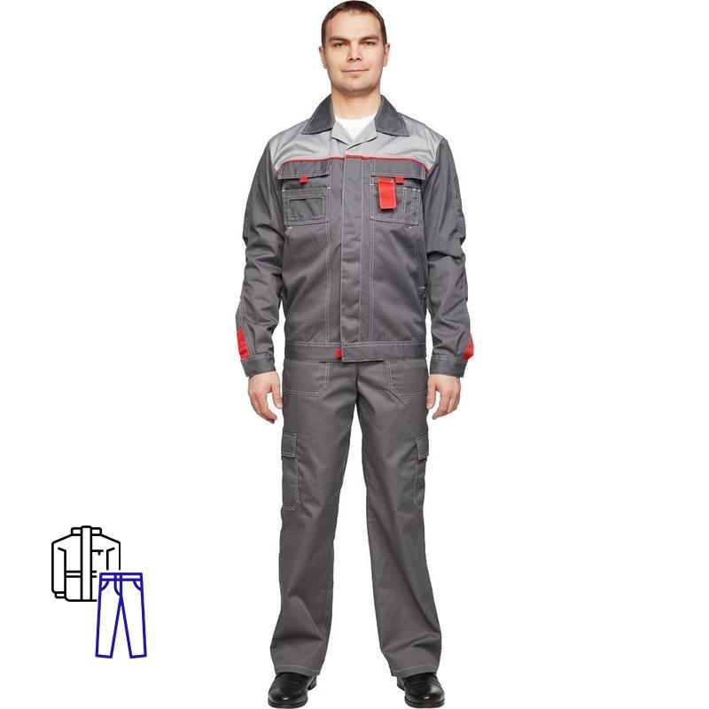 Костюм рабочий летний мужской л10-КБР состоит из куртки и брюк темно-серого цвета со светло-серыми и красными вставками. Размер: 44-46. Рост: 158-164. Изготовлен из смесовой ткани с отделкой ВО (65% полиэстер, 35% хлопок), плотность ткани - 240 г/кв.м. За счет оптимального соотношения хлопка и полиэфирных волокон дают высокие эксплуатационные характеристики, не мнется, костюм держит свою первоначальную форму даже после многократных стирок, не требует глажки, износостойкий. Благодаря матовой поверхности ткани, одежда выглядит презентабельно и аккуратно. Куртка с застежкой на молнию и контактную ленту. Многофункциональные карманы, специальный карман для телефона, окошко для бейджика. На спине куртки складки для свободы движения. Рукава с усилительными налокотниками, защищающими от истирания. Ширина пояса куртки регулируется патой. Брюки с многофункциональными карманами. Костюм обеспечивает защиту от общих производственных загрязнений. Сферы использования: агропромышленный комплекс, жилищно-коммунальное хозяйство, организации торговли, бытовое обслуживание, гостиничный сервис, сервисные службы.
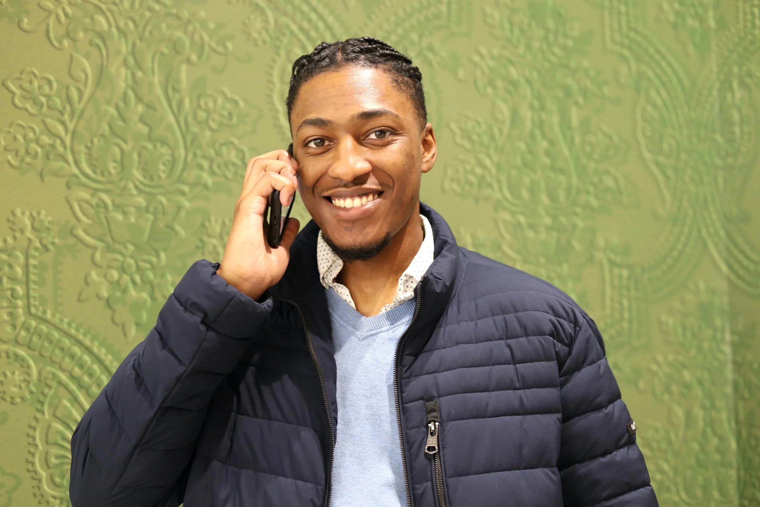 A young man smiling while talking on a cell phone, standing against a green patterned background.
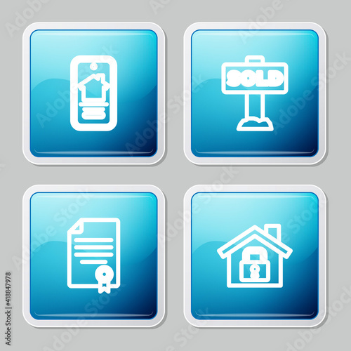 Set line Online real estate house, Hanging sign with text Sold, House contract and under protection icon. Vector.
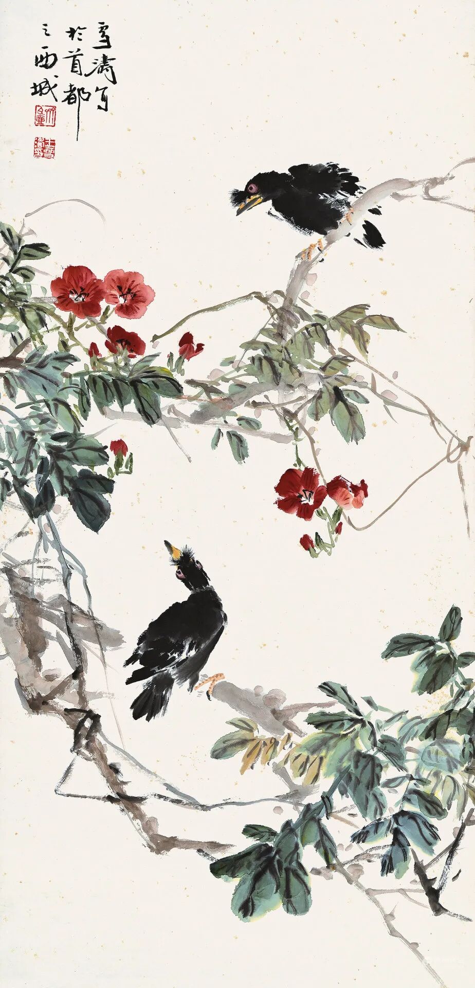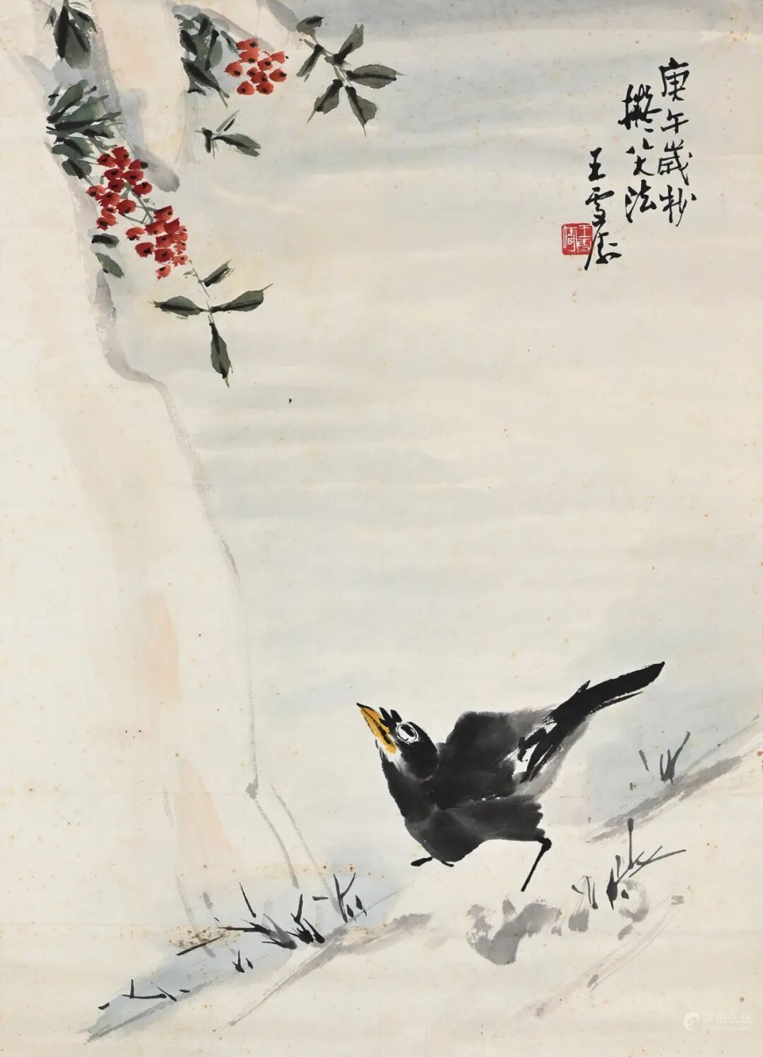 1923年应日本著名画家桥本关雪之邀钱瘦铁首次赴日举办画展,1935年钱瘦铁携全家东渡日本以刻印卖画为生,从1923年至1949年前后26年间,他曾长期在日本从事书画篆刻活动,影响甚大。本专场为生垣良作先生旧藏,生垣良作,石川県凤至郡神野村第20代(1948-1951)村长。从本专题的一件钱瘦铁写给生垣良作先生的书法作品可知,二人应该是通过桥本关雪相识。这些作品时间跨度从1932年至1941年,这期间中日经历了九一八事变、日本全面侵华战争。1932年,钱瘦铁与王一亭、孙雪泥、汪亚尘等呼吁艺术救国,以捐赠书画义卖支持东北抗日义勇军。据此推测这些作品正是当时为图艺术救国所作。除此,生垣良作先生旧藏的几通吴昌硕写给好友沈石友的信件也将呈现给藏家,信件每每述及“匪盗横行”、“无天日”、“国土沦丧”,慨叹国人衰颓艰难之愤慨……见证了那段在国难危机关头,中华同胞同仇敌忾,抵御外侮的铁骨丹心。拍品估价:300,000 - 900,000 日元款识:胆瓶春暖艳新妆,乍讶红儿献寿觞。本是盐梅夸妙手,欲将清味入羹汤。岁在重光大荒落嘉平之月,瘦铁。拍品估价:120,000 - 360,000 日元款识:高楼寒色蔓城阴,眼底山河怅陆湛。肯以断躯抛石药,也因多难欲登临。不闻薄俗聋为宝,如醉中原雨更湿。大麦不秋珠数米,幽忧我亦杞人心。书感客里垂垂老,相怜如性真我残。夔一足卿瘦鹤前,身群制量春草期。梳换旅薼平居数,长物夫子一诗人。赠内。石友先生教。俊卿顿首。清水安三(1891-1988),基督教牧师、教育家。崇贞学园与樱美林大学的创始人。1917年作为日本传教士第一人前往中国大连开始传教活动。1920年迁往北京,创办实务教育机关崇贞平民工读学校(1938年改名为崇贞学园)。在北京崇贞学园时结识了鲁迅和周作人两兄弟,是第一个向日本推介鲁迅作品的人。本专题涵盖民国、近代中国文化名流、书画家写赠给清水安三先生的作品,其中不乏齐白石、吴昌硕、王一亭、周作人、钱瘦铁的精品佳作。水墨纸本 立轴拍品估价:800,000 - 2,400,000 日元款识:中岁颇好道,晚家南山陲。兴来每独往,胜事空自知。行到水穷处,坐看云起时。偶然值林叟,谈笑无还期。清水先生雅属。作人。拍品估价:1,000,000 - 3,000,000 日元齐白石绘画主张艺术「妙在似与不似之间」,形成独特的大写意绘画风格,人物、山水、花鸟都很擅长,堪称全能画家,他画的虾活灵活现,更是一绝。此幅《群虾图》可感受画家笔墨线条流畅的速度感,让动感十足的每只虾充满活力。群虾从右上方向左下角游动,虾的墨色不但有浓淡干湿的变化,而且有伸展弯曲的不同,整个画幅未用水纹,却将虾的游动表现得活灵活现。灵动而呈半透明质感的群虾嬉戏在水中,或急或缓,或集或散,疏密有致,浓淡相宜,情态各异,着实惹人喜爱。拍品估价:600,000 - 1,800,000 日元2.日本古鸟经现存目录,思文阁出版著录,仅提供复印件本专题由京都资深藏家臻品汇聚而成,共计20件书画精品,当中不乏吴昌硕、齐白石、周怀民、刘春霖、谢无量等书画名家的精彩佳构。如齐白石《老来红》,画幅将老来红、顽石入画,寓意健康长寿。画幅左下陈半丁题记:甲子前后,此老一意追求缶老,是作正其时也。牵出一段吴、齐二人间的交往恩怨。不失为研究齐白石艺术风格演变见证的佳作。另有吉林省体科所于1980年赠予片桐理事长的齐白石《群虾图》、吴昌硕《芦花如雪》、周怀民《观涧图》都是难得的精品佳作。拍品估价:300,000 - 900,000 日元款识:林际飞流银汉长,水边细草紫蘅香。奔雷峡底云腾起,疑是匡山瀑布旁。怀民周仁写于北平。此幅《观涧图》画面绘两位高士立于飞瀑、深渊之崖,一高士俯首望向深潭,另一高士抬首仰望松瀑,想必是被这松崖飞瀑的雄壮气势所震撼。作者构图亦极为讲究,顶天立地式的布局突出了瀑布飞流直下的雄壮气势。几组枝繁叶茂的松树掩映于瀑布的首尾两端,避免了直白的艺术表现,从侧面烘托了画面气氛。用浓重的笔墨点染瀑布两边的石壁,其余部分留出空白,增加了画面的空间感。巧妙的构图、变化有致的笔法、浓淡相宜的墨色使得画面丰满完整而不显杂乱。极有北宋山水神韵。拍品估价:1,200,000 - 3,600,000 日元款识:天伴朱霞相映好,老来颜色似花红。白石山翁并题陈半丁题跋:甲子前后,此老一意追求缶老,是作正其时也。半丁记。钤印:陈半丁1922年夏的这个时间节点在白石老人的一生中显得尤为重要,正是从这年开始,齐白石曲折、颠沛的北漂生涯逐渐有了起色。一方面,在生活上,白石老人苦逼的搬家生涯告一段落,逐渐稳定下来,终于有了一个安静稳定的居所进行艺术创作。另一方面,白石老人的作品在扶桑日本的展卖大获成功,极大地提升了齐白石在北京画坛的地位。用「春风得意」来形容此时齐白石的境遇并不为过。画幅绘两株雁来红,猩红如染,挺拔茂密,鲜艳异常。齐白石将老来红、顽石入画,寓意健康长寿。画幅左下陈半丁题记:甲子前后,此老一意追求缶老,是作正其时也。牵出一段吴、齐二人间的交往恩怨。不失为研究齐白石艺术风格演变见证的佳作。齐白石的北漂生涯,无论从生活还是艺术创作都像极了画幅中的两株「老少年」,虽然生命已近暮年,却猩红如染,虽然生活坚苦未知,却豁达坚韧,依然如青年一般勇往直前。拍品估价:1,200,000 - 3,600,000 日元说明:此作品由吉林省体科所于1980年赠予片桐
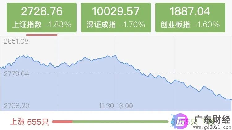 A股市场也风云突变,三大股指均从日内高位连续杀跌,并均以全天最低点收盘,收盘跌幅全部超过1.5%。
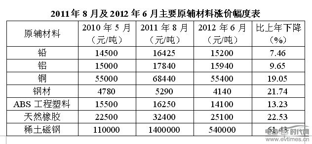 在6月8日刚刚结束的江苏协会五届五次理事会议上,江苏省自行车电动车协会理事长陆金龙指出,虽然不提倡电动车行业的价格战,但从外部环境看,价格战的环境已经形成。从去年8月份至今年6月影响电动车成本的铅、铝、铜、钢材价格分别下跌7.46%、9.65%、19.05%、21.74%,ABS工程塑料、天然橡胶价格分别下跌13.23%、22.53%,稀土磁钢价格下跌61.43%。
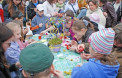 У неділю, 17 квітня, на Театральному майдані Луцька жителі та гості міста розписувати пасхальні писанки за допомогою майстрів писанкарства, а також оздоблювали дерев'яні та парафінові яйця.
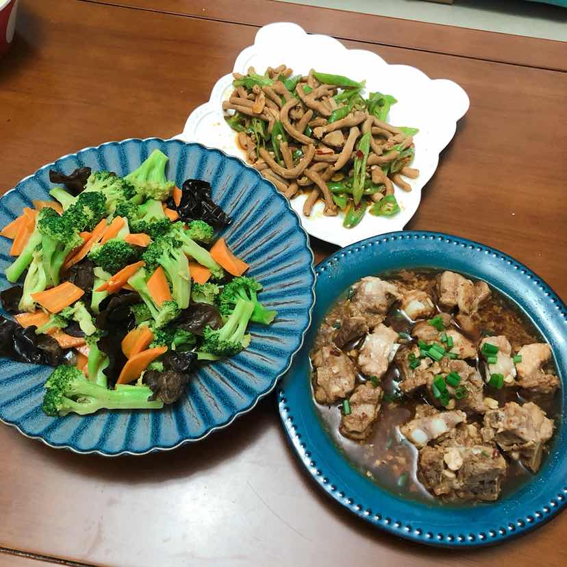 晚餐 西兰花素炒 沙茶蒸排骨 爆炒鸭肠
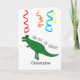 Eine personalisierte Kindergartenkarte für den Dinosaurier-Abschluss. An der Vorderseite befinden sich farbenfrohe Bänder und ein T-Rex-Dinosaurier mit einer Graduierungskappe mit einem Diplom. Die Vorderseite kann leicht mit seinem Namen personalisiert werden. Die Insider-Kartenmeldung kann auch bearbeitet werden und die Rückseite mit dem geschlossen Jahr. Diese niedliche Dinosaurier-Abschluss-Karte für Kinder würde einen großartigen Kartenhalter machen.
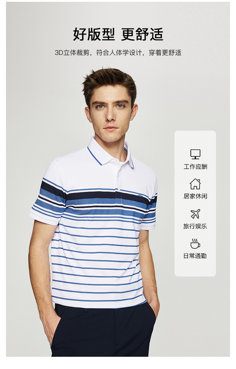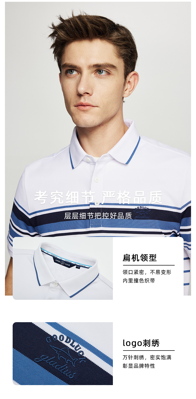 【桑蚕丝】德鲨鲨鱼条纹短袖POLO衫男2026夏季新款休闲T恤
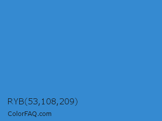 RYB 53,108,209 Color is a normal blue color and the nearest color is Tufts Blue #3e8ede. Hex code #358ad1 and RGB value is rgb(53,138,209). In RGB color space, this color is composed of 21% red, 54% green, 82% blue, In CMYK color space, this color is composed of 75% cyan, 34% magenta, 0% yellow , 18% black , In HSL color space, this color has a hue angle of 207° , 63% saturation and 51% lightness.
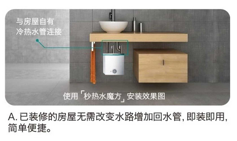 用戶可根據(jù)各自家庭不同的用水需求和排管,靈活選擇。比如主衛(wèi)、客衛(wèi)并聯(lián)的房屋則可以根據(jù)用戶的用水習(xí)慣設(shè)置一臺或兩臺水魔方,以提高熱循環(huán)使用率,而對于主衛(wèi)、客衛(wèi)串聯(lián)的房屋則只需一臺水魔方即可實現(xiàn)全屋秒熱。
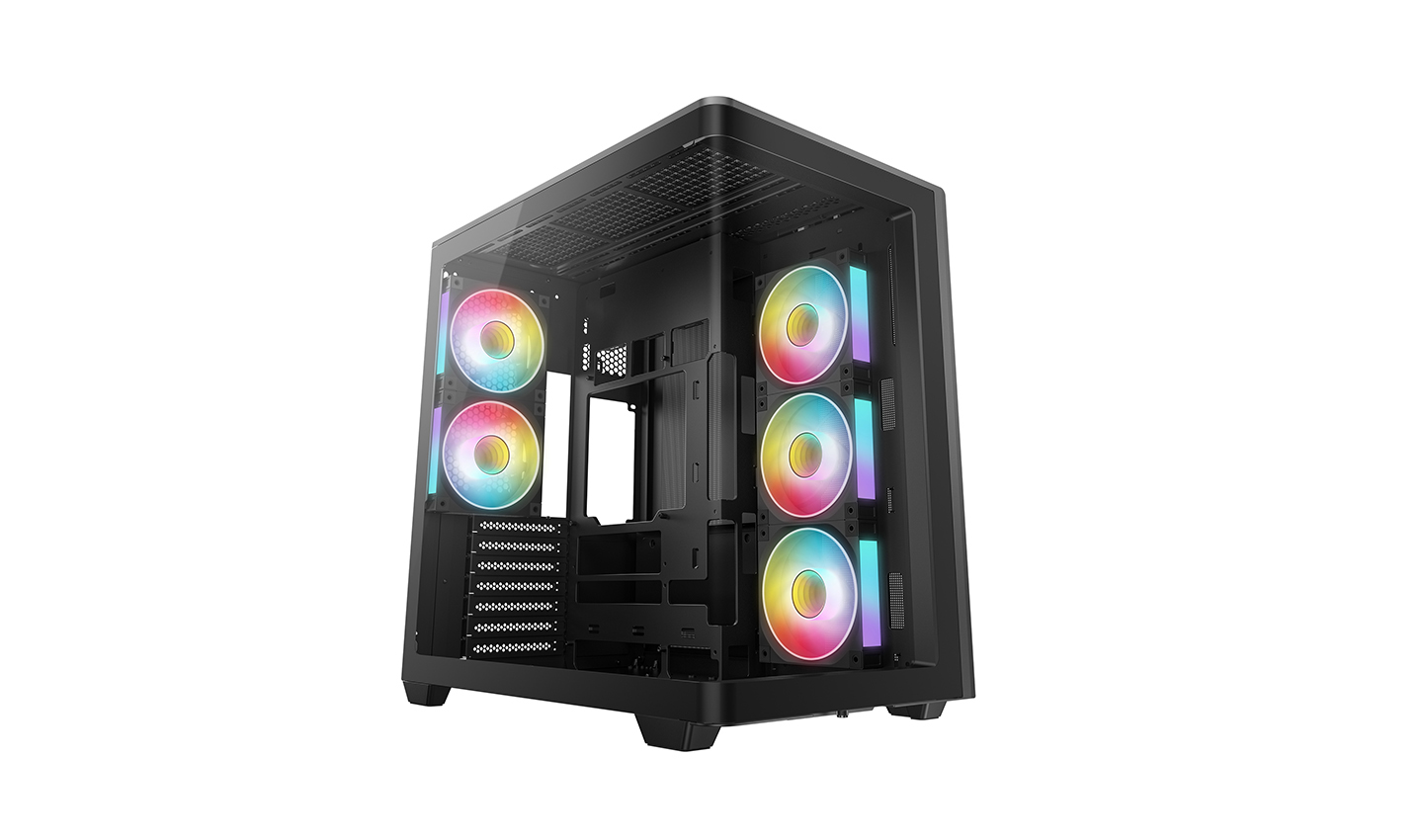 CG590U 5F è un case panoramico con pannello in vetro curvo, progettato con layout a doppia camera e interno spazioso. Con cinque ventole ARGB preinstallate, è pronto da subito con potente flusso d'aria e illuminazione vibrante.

========

## Task details
Beginning with the line that contains "用戶可根據(jù)各自家庭不" and ending with the final line of the entries, every line must be copied exactly; the pictures must not.

## Answer to this task
 用戶可根據(jù)各自家庭不同的用水需求和排管,靈活選擇。比如主衛(wèi)、客衛(wèi)并聯(lián)的房屋則可以根據(jù)用戶的用水習(xí)慣設(shè)置一臺或兩臺水魔方,以提高熱循環(huán)使用率,而對于主衛(wèi)、客衛(wèi)串聯(lián)的房屋則只需一臺水魔方即可實現(xiàn)全屋秒熱。
 CG590U 5F è un case panoramico con pannello in vetro curvo, progettato con layout a doppia camera e interno spazioso. Con cinque ventole ARGB preinstallate, è pronto da subito con potente flusso d'aria e illuminazione vibrante.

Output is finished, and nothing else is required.